The customer, in other words, has likely spent years with their on-premises data warehouse or BI solution, but that’s not where they’re betting their future. Their future is cloud. If they’re considering a next step, it’s not likely to be Oracle unless they’re in so deep with Oracle as to make introducing a new system seem hard.

Most of the time, enterprises will be looking for a cloud-based database, data warehouse/lakehouse, or machine learning/artificial intelligence system. More Google BigQuery, in other words, and less SAP BusinessObjects.

Democratising data

One other reason for cloud’s success is simplicity, or it can be. Cloud, of course, isn’t inherently more user-friendly, but many cloud systems have emphasised a SaaS approach that puts a premium on user experience.

Take, for example, this comment from a Reddit board, describing their experience with Snowflake: “If you need a PhD in physics to use your SaaS tool, your tool is useless. MySQL users love it (analysts), the C-suite loves it, the only people it struggles to win over are the nerdy engineers like myself who had enough hubris to think they could do it all themselves and everyone in the world would learn PySpark one day.”

I’ve written recently about data democratisation, how enterprises are trying to give more employees access and ability to work with more and different data. I noted that if enterprises want to truly democratise data, they’ll need to teach employees how to effectively use cloud-based tools to probe cloud-based data.

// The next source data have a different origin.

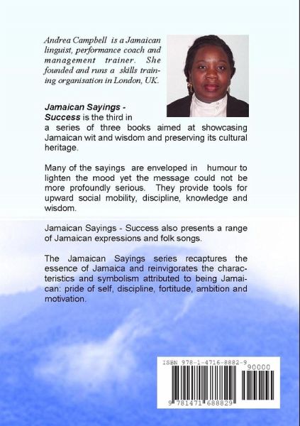 Jamaican Sayings - Success is the third in a series of three books that capture Jamaican adages used to communicate ideas about human nature, behaviour, relationships, aspirations, health hope and survival. Jamaican Sayings - Life and Jamaican Sayings - Character complement the series. The adages represent an archive of the wit and wisdom of many generations and aim to trigger reflection and thought. In their use they are never fully explained but those to whom they are directed usually understand their meaning based on the context in which they are used. They utilise imagery and draw upon a variety of flora and fauna to enrich their content. They hold valuable lessons, inspiration and wisdom that link Jamaican culture to its African past. The sayings are presented in three parts: i) the original saying; ii) the literal English translation and iii) the meaning it aims to convey.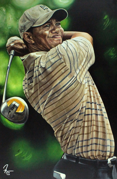 Description:Tiger Woods hand embellished giclee on canvas signed by artist Justyn Farano (NM). 24"x36" canvas with hand embellished giclee which depicts the golf swing follow through of Woods. Signed at the bottom left corner by artist Justyn Farano. Hand numbered "17/99": NM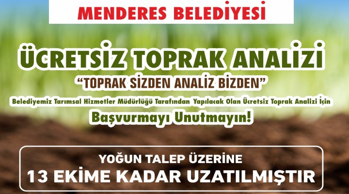 Ücretsiz toprak analizi projesine talebin yo?un olmas?n?n önemli oldu?unu kaydeden Menderes Belediye Ba?kan V. Erkan Özkan, ‘’ ?lçemizin bereketli topraklar?nda üretim yapan tüm üreticilerimizin her zaman yan?nday?z. Projemize olan yo?un ilgi ne kadar önemli bir çal??ma gerçekle?tirdi?imizin de kan?t?. Yo?un talep nedeniyle projemizin son ba?vuru tarihini 13 Ekim Cuma gününe kadar uzatma karar? ald?k. Bütün üreticilerimiz ücretsiz gerçekle?tirdi?imiz toprak analizimizden yararlanabilir. Amac?m?z çiftçimizin, üreticimizin ekme?ini büyütmek, bereketli topraklar?m?z?n daha verimli kullan?m?n? sa?lamak. Üreticimizin her zaman yanlar?nda ve destekçileriyiz. Bu kapsamda projede bize katk? sa?layan ?zmir Büyük?ehir Belediyesi’ne de Menderesli çiftçilerimiz ad?na te?ekkür ediyorum’’ dedi.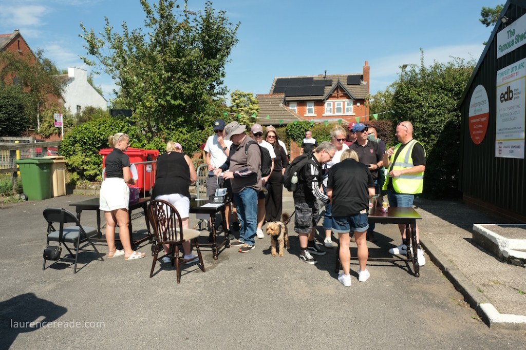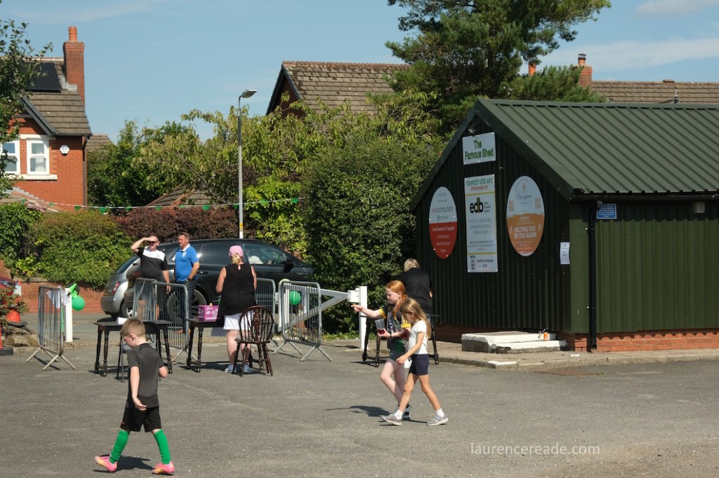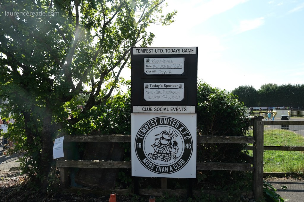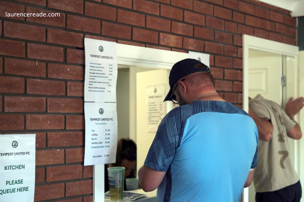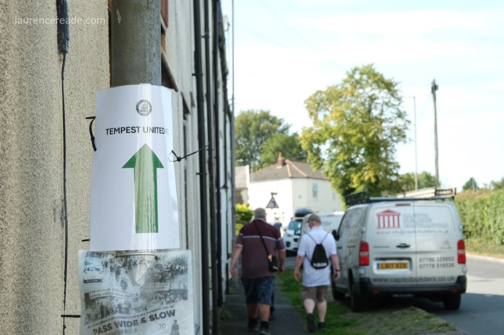 From CMB it was both unusual and gratifying to see so many people walk the quarter-of-a-mile through Lostock to Tempest United. The is named after the road the ground is in but with there being little or no parking at The Famous Shed, it solved what could have been an logistical nightmare. That said we did walk past a pub on the way; it was closed and would undoubtedly done a roaring trade if they’d have known who was walking past. Still, their loss was the football club’s gain…

Fortunately, the cloud also enables machine learning systems to take some of the heavy load. As my MongoDB colleague Adam Hughes writes, “Combining real-time, operational, and embedded analytics — what some call translytics, HTAP, or augmented transaction databases — now enables analytics driven by application data to help determine, influence, and automate decision-making for the app and provide real-time insights for the user.”

This doesn’t mean machines do the thinking for us, but rather that they remove the undifferentiated heavy lifting of computation-heavy data processing, leaving the user with the more thoughtful work of understanding what that data means for an application and, ultimately, the business.

All of this isn’t entirely driven by cloud but is absolutely enhanced and accelerated by cloud. Data has never been more important, and accessing and understanding data has never been easier, thanks to cloud computing. If you wanted to pick a near-certain prediction for 2023, it’s that this trend will continue and accelerate.